I’m not proud of any of this, and I hate to see it in myself, but I especially don’t like the reactions I get from other people who know me when I am not feeling stressed. So what do I do about it? The first step for me is always recognizing what is happening. This is not as simple as it sounds. It usually takes me a while to add up all the pieces and notice that the sum total is stress. Then I have to take the time to find out which things are my biggest stressors in the moment. This is also not so easy because the big stressors sometimes change or disguise themselves as something else. The other difficult part about this is finding the time to do this well. Did I mention that I don’t have any time because I’m too busy and too stressed out?!

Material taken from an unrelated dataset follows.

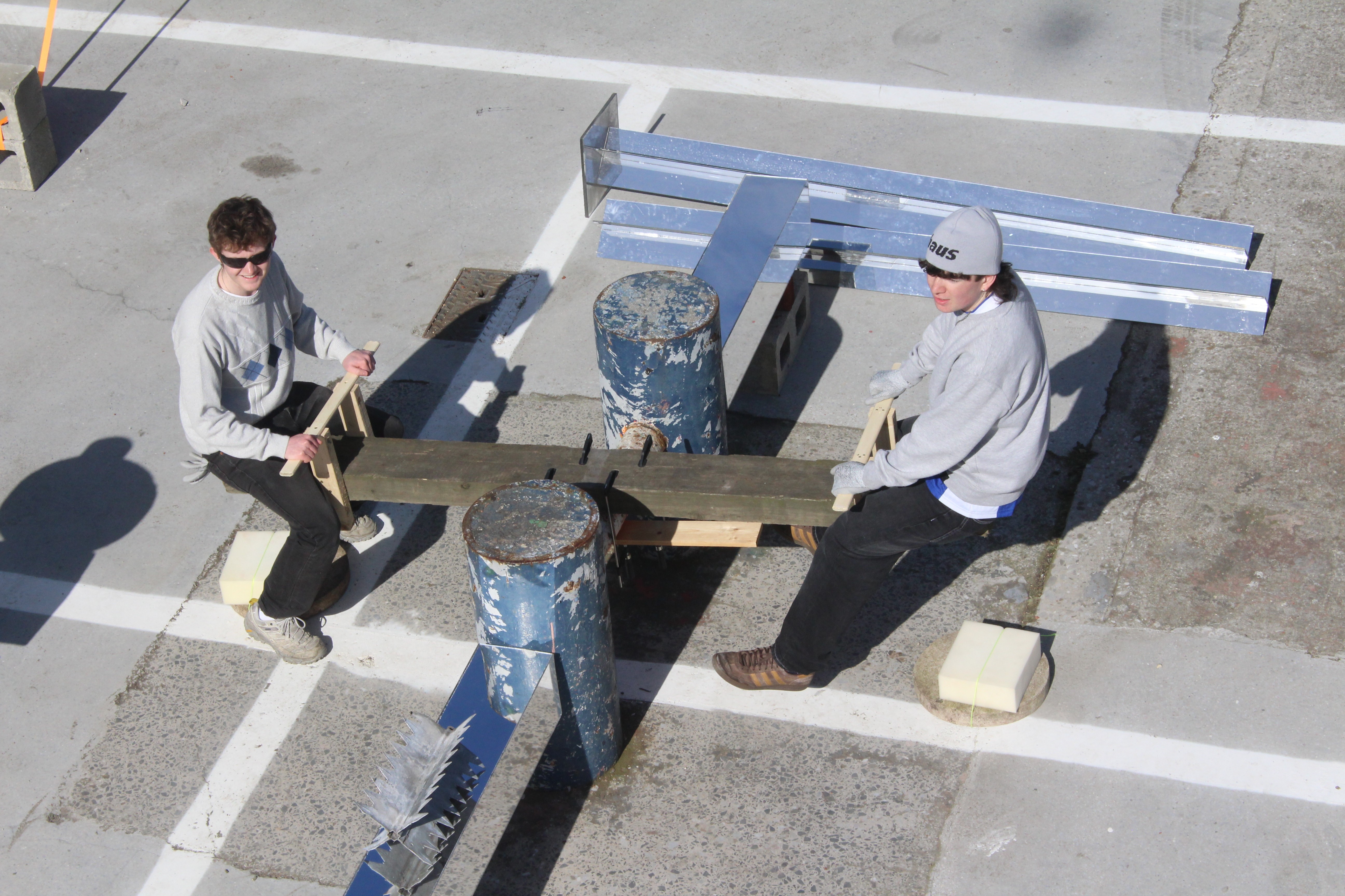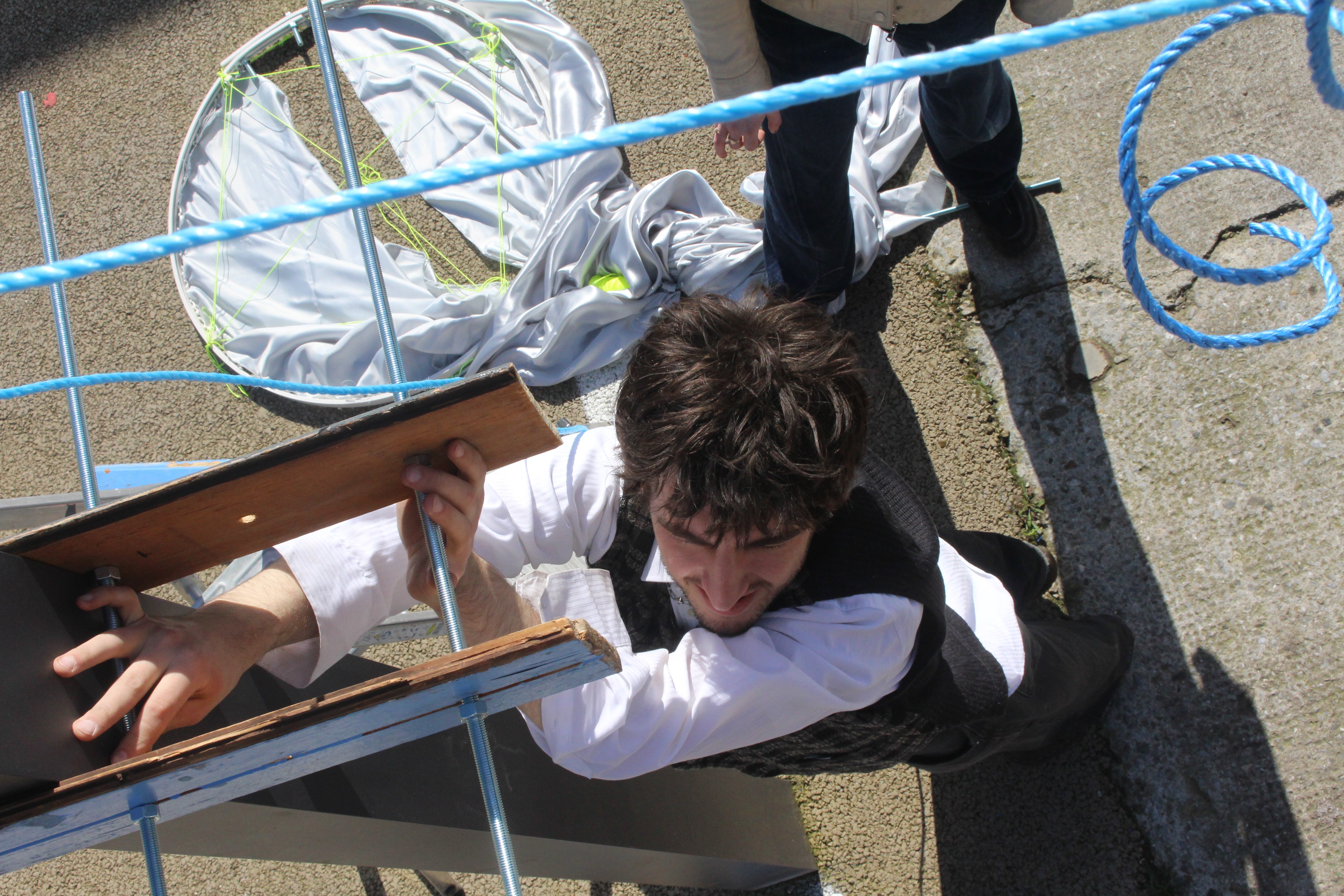 We led a intensive workshop on the site with architecture students from UCD. The principle of the workshop was based around designing and building interventions from a collection of borrowed, rented, and waste materials gathered from sites around the city including recycling centres, construction schools, salvage yards, building sites. They were bound together with removable and demountable connecting elements, such as ratchet straps etc.

After identification, I look at what I can change. Then I look at it again. When I’m feeling stressed, I don’t make my best decisions, or I don’t make them for the best reasons. I do what is easy or fast or seems to give me instant gratification or relief, which is not always the best decision. I also have a hard time recognizing what I really can or cannot change. I have a hard time dropping a commitment that I’ve made, but I can if it’s causing so much trouble in my life. I also know that sometimes I can only change my reaction to the situation. And maybe that’s enough to get some relief so I can drop more expectations.

After all of that, my final step is to go back and reconnect with the people I have affected in my stressed-out state. I let them know that I’m available again, all of me. And I reconnect with myself and what is important to me because I’ve lost some of that or changed it along the way. Enough about me – if you’re also feeling stressed as we move into graduation and cookout and playing in the park season, you’re not alone. Check in with yourself about your stress level, and get the support you need to change what you can change.